Melansir laman dinaskebudayaan.jakarta.go.id, permainan balap karung sudah ada sejak zaman Belanda. Saat itu, balap karung dimainkan oleh kalangan anak berusia 6-12 tahun, hingga akhirnya orang dewasa pun turut serta dalam permainan balap karung.
Namun ada pendapat lain yang mengatakan balap karung berasal dari rasa kesal masyarakat Indonesia pada masa penjajahan yang tidak mampu membeli pakaian. Saat itu, terdapat orang yang harus menggunakan karung sebagai penutup tubuh.
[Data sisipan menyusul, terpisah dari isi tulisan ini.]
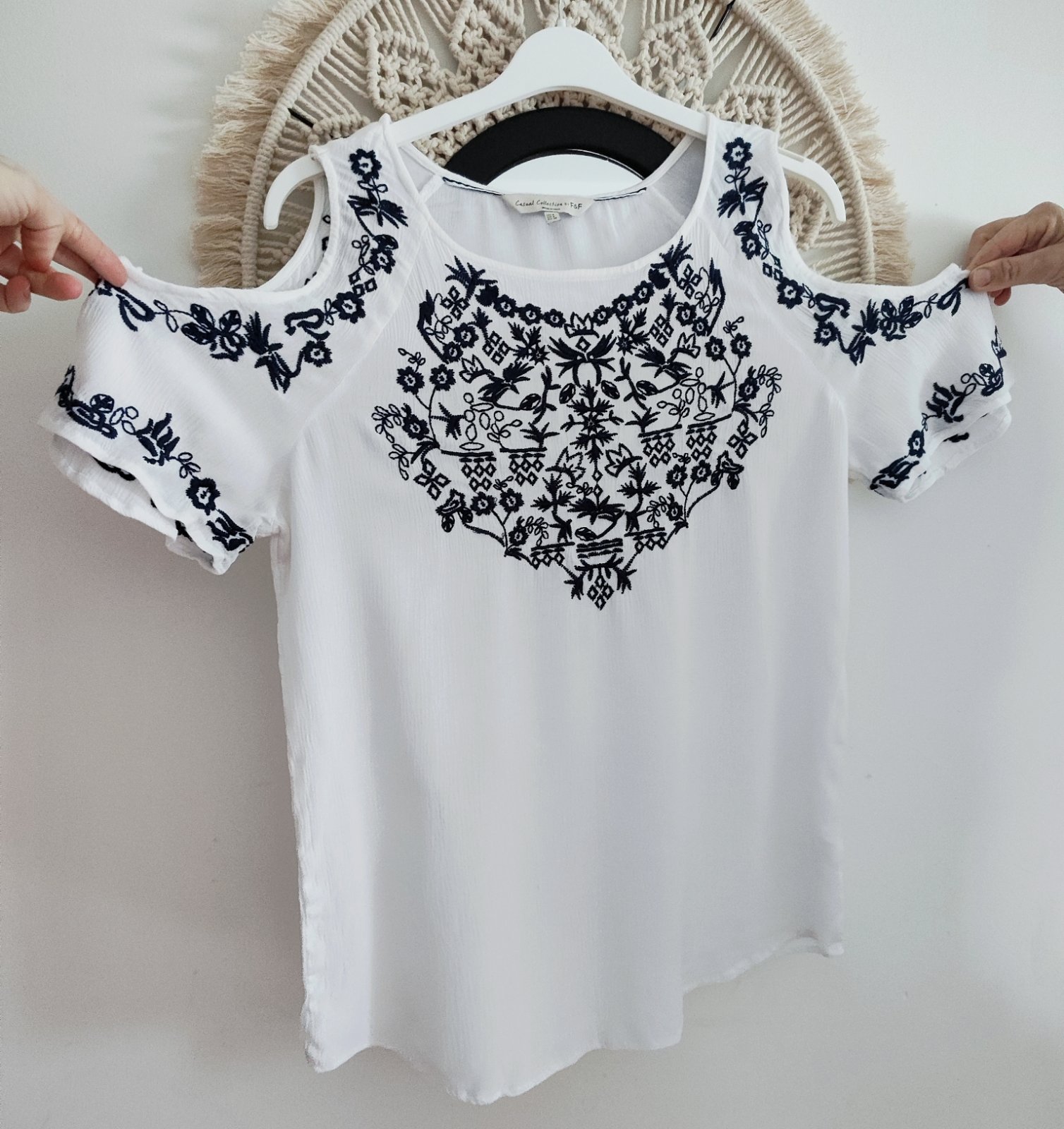 Predám túto zaujímavú blúzku vo vidieckom štýle s krásnou výšivkou,veľk. 38 ale sedí skôr na S , bavlnená , vrch sa dá nosiť spustená na ramenách, drží na gumičke, dĺžka 59cm, prsia 45cm, cena 8€ p...
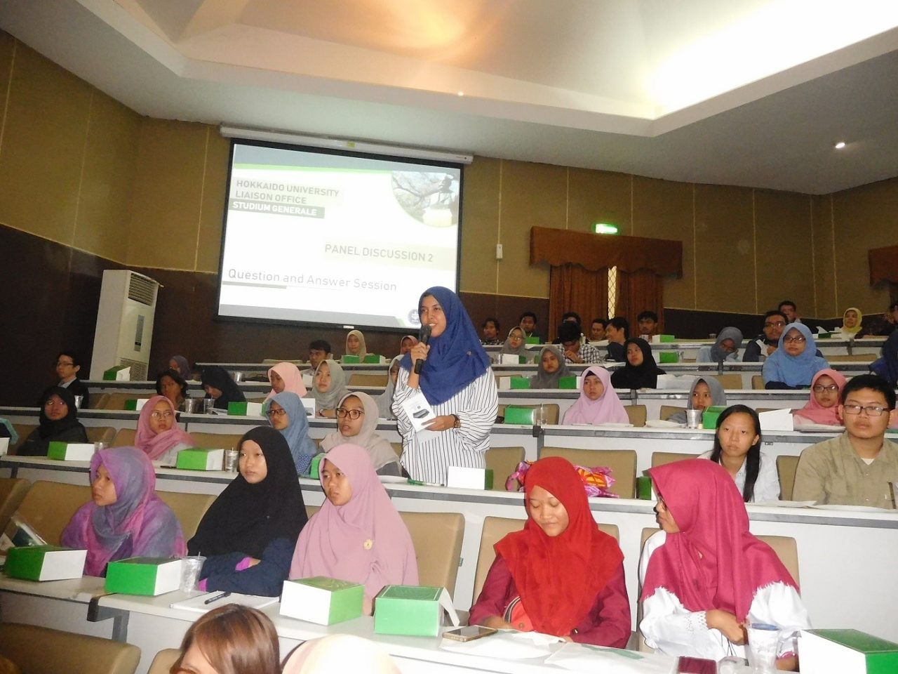 23日の午後は、本学とボゴール農業大学とのダブルディグリープログラムの署名式が行われ、その後、本学とインドネシアの交流、本学とインドネシアの連携に関する機会と挑戦及び本学とボゴール農業大学の国際活動の3つのテーマでパネルディスカッションが行われました。パネルディスカッションには、ボゴール農業大学を中心に学生や教職員250名以上が参加する盛況な会となり、学生から多くの質問が寄せられるなど活発に交流が行われました。
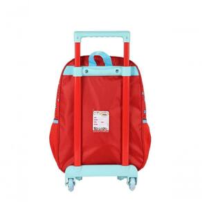 O modelo dispõe de rodinhas resistentes e carrinho embutido, que facilitam o transporte e reduzem o esforço das crianças. Conta ainda com alça superior para manuseio prático e alças para costas, permitindo diferentes formas de uso conforme a necessidade.
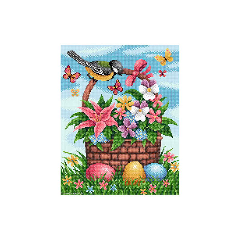BrilliArt, kit diamant Easter gifts (art. MC-041). Dimensions: 38 x 48 cm. Kit comprenant la toile adhésive, les strass carrés emballés dans des sachets individuels et numérotés aux références des coloris de DMC, une pince, un stylo et sa colle, 2 réceptables et les explications.Toute la surface du tableau est à recouvrir de strass. ATTENTION: ce n'est pas une broderie, il n'y a ni fil ni aiguille, mais un collage comme une mosaïque.
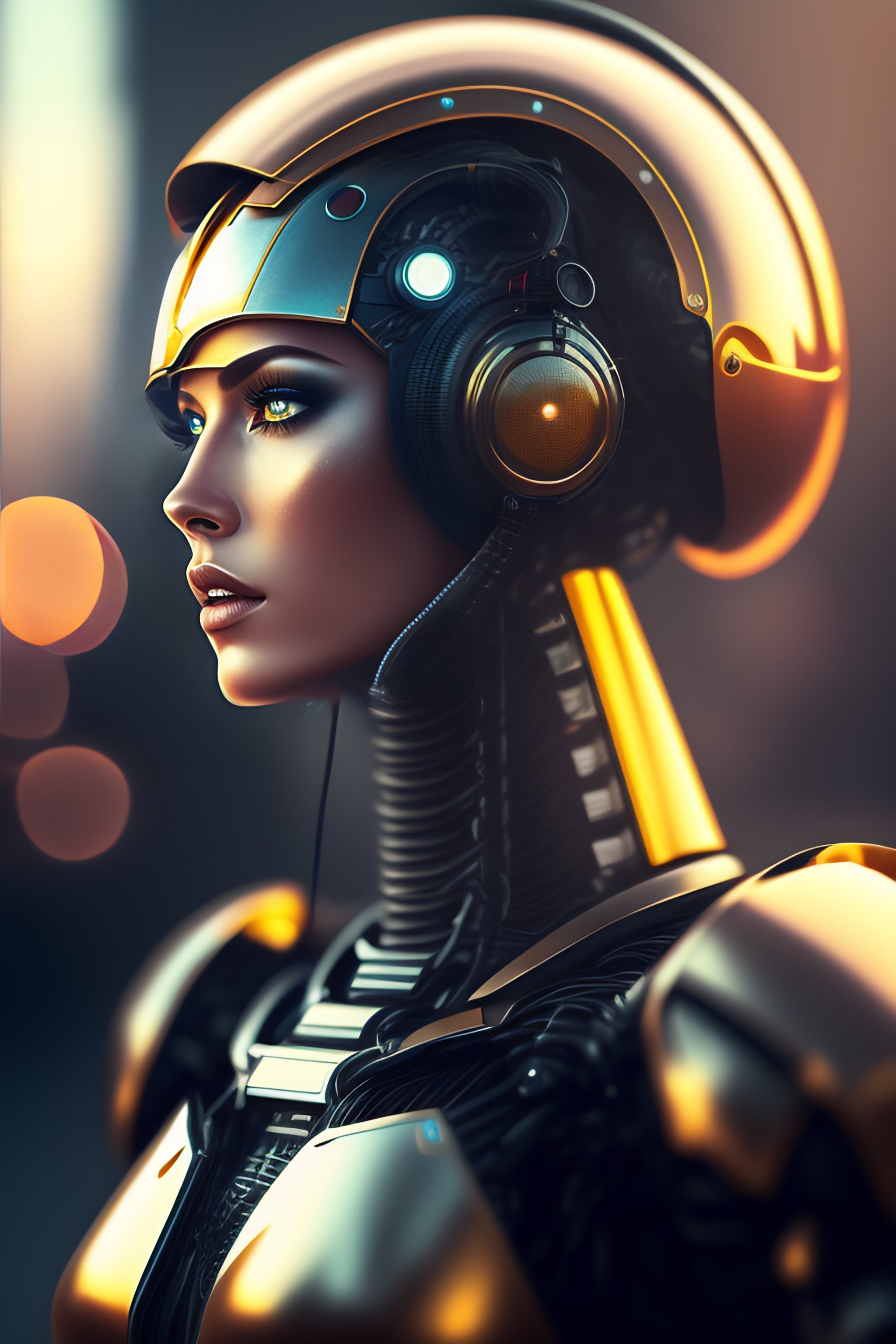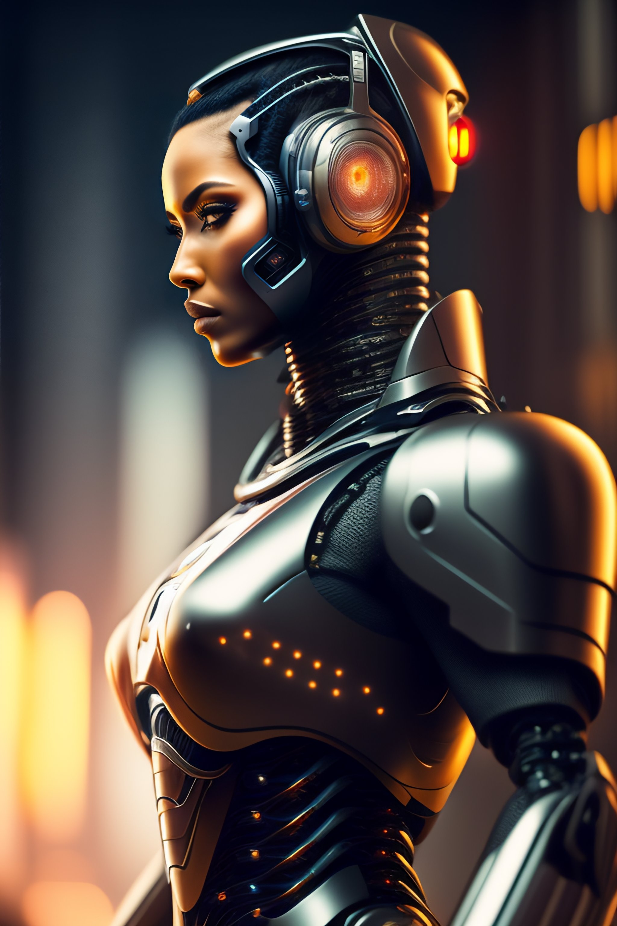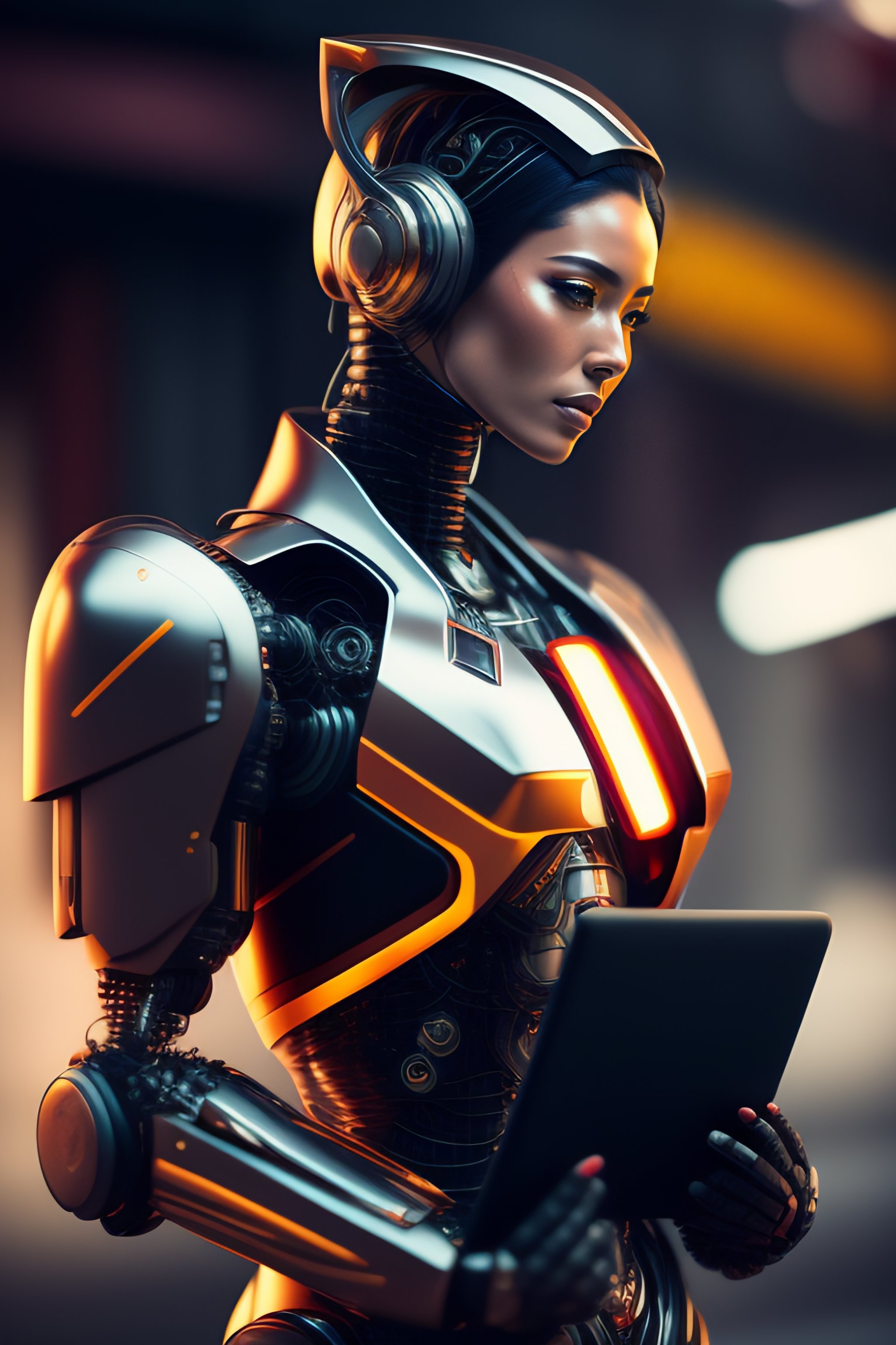 Cyborg robot with computer, a character side portrait, realistic, half body shot, sharp focus, elegant

Mereka yang menggunakan karung memutuskan untuk menginjak bagian bawah karung dan berjalan melompat. Meski awalnya dilihat sebagai bentuk protes, kegiatan ini kemudian menjadi bentuk permainan.
Dalam lomba balap karung 17 Agustus, para peserta, baik anak-anak maupun orang dewasa masuk ke dalam karung dan memegang bagian ujung atas karung. Setelah itu, mereka melompat-lompat agar dapat mencapai garis finish.
Tak sekadar perlombaan 17 Agustus, lomba makan kerupuk mengandung sejarah terkait kondisi hidup masyarakat Indonesia pada suatu masa. Di era 1930-1940, kerupuk menjadi makanan andalan masyarakat.
Kerupuk juga identik dengan makanan rakyat kecil di masa perang supaya dapat bertahan hidup. Selanjutnya, ketika krisis ekonomi yang dibarengi dengan naiknya harga kebutuhan pokok, membuat kerupuk menjadi lauk pendamping. Kerupuk dipilih karena harganya yang cenderung terjangkau.
Pada 1950-an, muncul beragam lomba untuk memperingati hari kemerdekaan Indonesia. Makan kerupuk menjadi salah satu yang dilombakan.
Peserta lomba harus dapat menghabiskan kerupuk yang diikat tali dan digantungkan di atas kepala. Perlombaan makan kerupuk ini mengajak masyarakat Indonesia untuk mengenang perjuangan pahlawan serta rakyat di masa penjajahan yang berada dalam kondisi sulit.